BTW, this "fix" by Solar Designer introduces a bug to 2.4.29: a tape 
driver is supposed to return ENOMEM in the case that was changed to return 
EIO ;-(

> 
> v2.6 also contains the same problem BTW.
> 
> Try this:
> 
> --- a/drivers/scsi/st.c.orig  2005-03-02 09:02:13.637158144 -0300
> +++ b/drivers/scsi/st.c       2005-03-02 09:02:20.208159200 -0300
> @@ -3778,7 +3778,6 @@
>       read:           st_read,
>       write:          st_write,
>       ioctl:          st_ioctl,
> -     llseek:         no_llseek,
>       open:           st_open,
>       flush:          st_flush,
>       release:        st_release,

This change covers up the problem. The real bug is in tar. The following 
code is from tar is supposed to reposition the tape to the beginning of 
the file jus written:

#ifdef MTIOCTOP
  {
    struct mtop operation;
    int status;

    operation.mt_op = MTBSF;
    operation.mt_count = 1;
    if (status = rmtioctl (archive, MTIOCTOP, (char *) &operation), status 
< 0)
      {
        if (errno != EIO
            || (status = rmtioctl (archive, MTIOCTOP, (char *) 
&operation),
                status < 0))
          {
#endif
            if (rmtlseek (archive, (off_t) 0, SEEK_SET) != 0)
              {
                /* Lseek failed.  Try a different method.  */
                seek_warn (archive_name_array[0]);
                return;
              }
#ifdef MTIOCTOP
          }
      }
  }
#endif


Here is output from strace showing what happens with 'tar -c -W' applied 
at the beginning of the tape (this is using kernel 2.6.11-rc4 but the same 
probably happens with 2.4.29):
...
ioctl(3, MGSL_IOCGPARAMS or MTIOCTOP or SNDCTL_MIDI_MPUMODE, 
0x7fffffffecd0) = -1 EIO (Input/output error)
ioctl(3, MGSL_IOCGPARAMS or MTIOCTOP or SNDCTL_MIDI_MPUMODE, 
0x7fffffffecd0) = -1 EIO (Input/output error)
lseek(3, 0, SEEK_SET)                   = -1 ESPIPE (Illegal seek)

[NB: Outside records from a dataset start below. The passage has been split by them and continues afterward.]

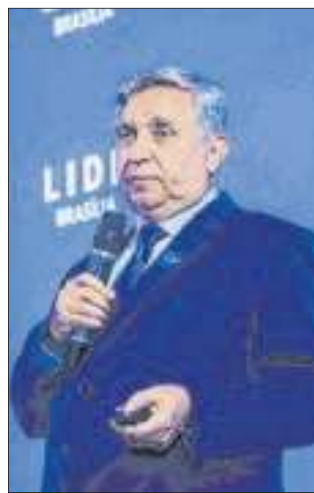
O senador Izalci Lucas enquanto apresentava os principais pontos da Tributária em discussão no Senado
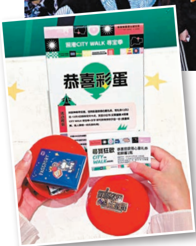
◆港青陳小姐參與分享打卡後領取的彩蛋禮品。
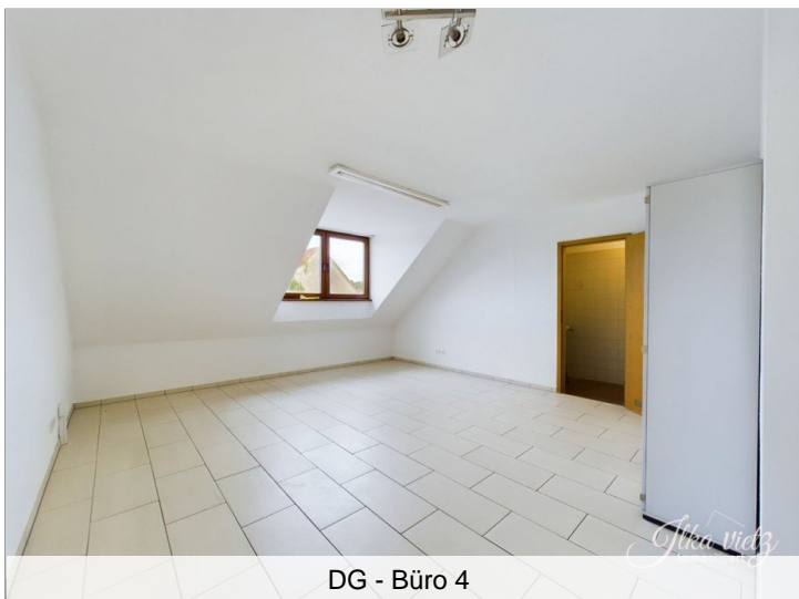
DG - Büro 4
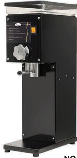
NO 43 N
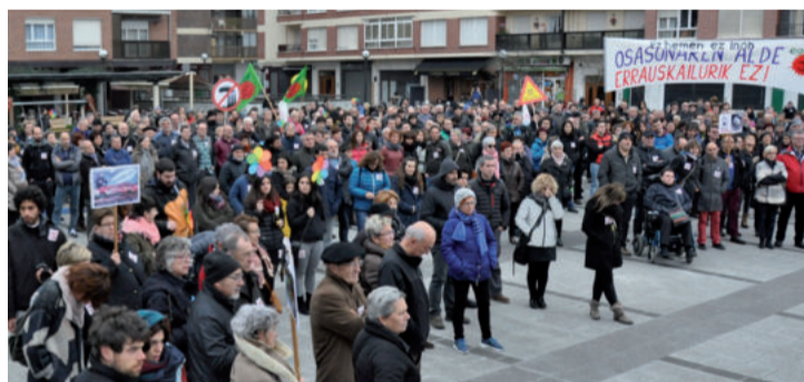
Martxoan Andoainen egin zen manifestazioaren irudia.
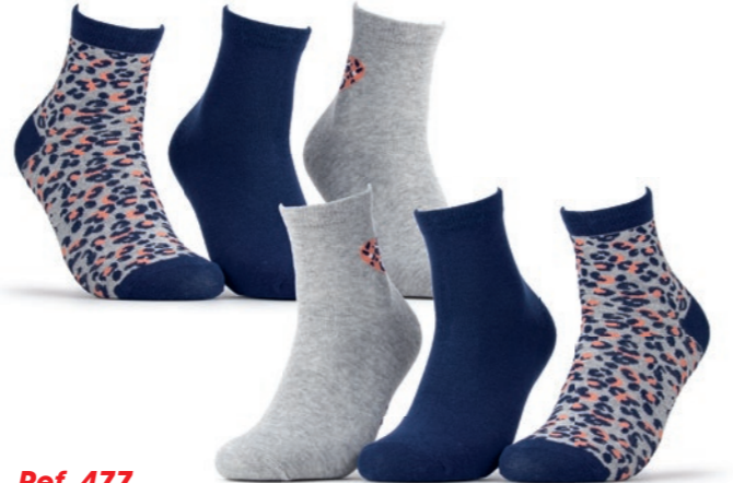
Ref. 477 Chaussettes tige 3/4 Léopard Composition : 69% coton - 26% polyester - 2% polyamide - 3% élasthanne Taille unique (37/41)
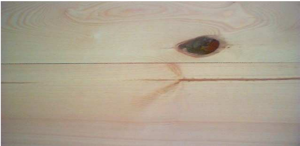
ausgeprägte Markröhre, Fauläste
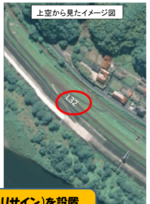
上空から見たイメージ図

災害発生時等に上空の防災ヘリコプターなどと位置を特定しやすくするため対空標示(ヘリサイン)を設置しました。速やかな人命救助や被災状況把握に役立てられます。上記写真は、江の川左岸32kmを標示。
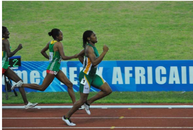
Menée à l'entame de la dernière ligne droite, la Sud-africaine Caster Semenya a déposé ses adversaires éthiopiennes au sprint Longtemps dominée par les Ethiopiennes Annet Mwanzi et Chaltu Shume, la Sud-africaine Caster Semenya a finalement remporté la médaille d'or après une fin de course de folie : dans la dernière ligne droite, elle a déposé ses deux adversaires avec

une facilité déconcertante. La championne du monde 2009 du 800 mètres boucle les deux tours de pistes en 2 minutes et 97 centièmes, soit près de 5 secondes de plus que la mythique Maria Mutola, détentrice du record des Jeux en 1.56.99 (Johannesburg 1999). Les Ethiopiennes Mwanzi et Shume sont respectivement deuxième et troisième en 2.01.54 et 2.01.59 (nouveau record personnel). Eliminées lors des séries, les Congolaises Leo Bafoundissa Missamou et Elizabeth Nabiala Nkengue ont couru en 2 minutes 12 secondes 53 pour la première et 2 minutes, 19 secondes 87 pour la seconde. Et se classent respectivement 15e et 18e sur 20 participantes.
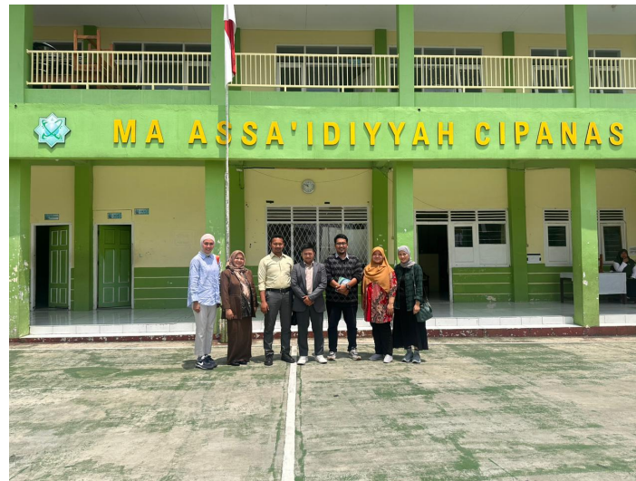
Gambar 2. Kegiatan Pertama Pengabdian Kepada Masyarakat Optimalisasi Penggunaan Teknologi Komunikasi dan Informasi untuk Pengembangan Promosi Madrasah Aliyah ASSA'IDIYYAH

Pertemuan ini membahas mengenai: (1) Pemetaan Permasalahan Mendasar tentang Pemanfaatan Teknologi Komunikasi dan Informasi yang dialami oleh pihak sekolah baik pengajar dan tim promosi sekolah. Peserta pada pertemuan ini berjumlah sekitar 8 orang yang terdiri wakil kepala sekolah, koordinator pengelola media sosial dan promosi dan guru – guru yang memang dianggap paham tentang permasalahan pembelajaran dan promosi yang dihadapi oleh Madrasah Aliyah ASSA'IDIYYAH. Pertemuan ini di mulai dengan pembukaan yang dilakukan Wakil Kepala Sekolah bidang Akademik yang kemudian dilanjutkan dengan diskusi awal mengenai bagaimana sekolah memanfaatkan sosial media dan menggunakan Canva. Pada pertemuan ini, narasumber pertama mencoba untuk menjelaskan mengenai keuntungan dan kelemahan dalam menggunakan Canva dan untuk kegiatan media sosial dan media pembelajaran. Setelah mendapatkan penjelasan mengenai keuntungan dari menggunakan diskusi mulai terarah dan masuk kepada persiapan detail tentang materi apa saja yang dibutuhkan oleh para peserta.
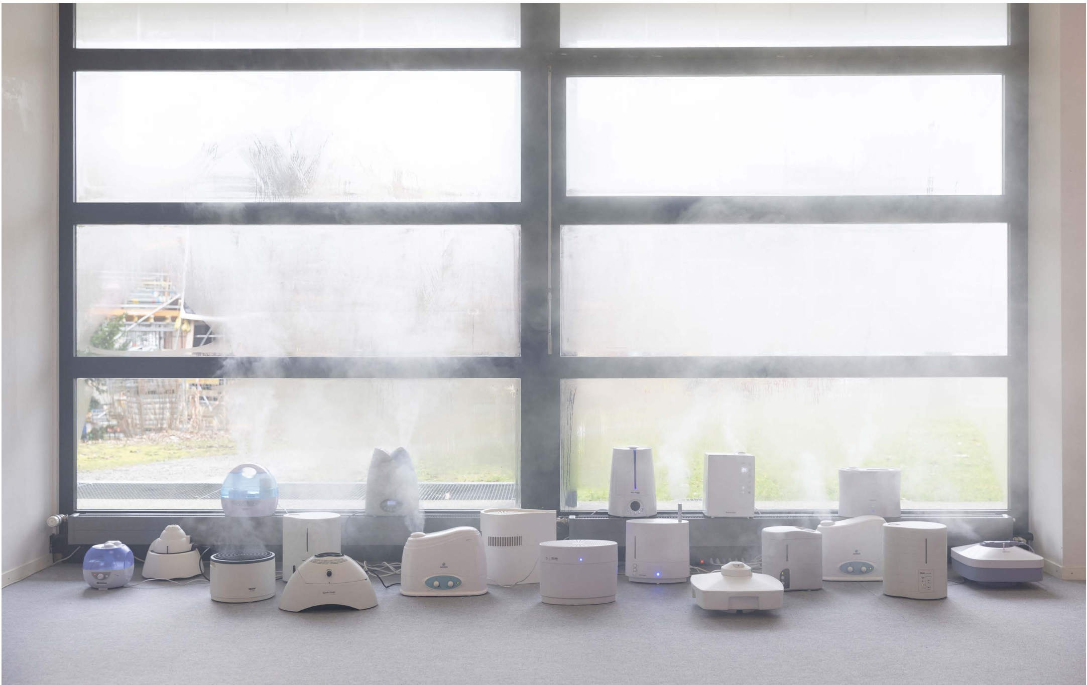
Pure Life, 2020 Diverse Luftbefeuchter, Wasser je ca. 30 × 30 × 40 cm
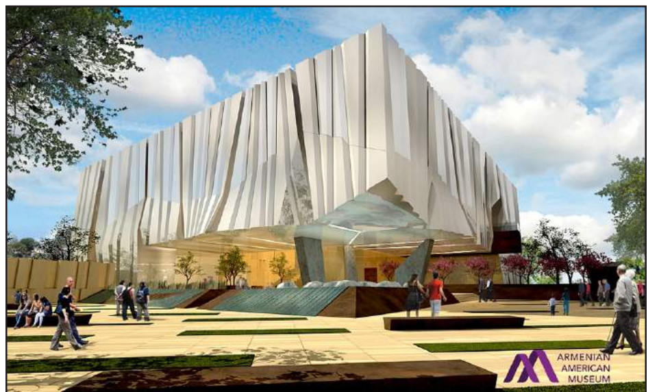
Հայ-Ամերիկեան Թանգարանի արտաքին նախագիծը

Շուրջ երեք տարիներ առաջ Լոս Անճելոսի մօտ Հայաստանի Հանրապետութեան աւագ հիւպատոս Տիար Գրիգոր Յովհաննիսեանի նախաձեռնութեամբ կազմուեցաւ Մեծ Եղեռնի 100-ամեակի ոգեկոչման համազարգութեան մարմին մը: Այս համախմբուածի նպատակն էր Հայոց Ցեղասպանութեան 100-ամեակը նշել պատշաճ շուքով եւ բարձր մակարդակով: Սոյն Համահայկական Մարմինն իրենց մասնակցութիւնը բերին 18 կազմակերպութիւններ, Արեւմտեան Ամերիկայի Հայկական չորս յարանուանութիւններու առաջնորդներ, ազգային աւանդական երեք կու-
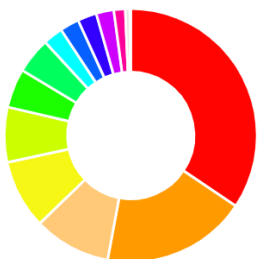
Eventi per Tipo (dati: 01/07/2024 - 30/09/2024)

So, both tape positioning commands fail and the code falls back to lseek. 
Earlier it has returned success even though it has not done anything (this 
was on purpose because it is the way some other Unices behave and with 
reason). In that case this tar succeeded but it was pure luck. The first 
BSF did position the tape correctly although it did fail.

The 2.6 st driver does contain this near the beginning of st_open():

        nonseekable_open(inode, filp);

This probably makes lseek fail. This code has been in st.c since 2.6.8.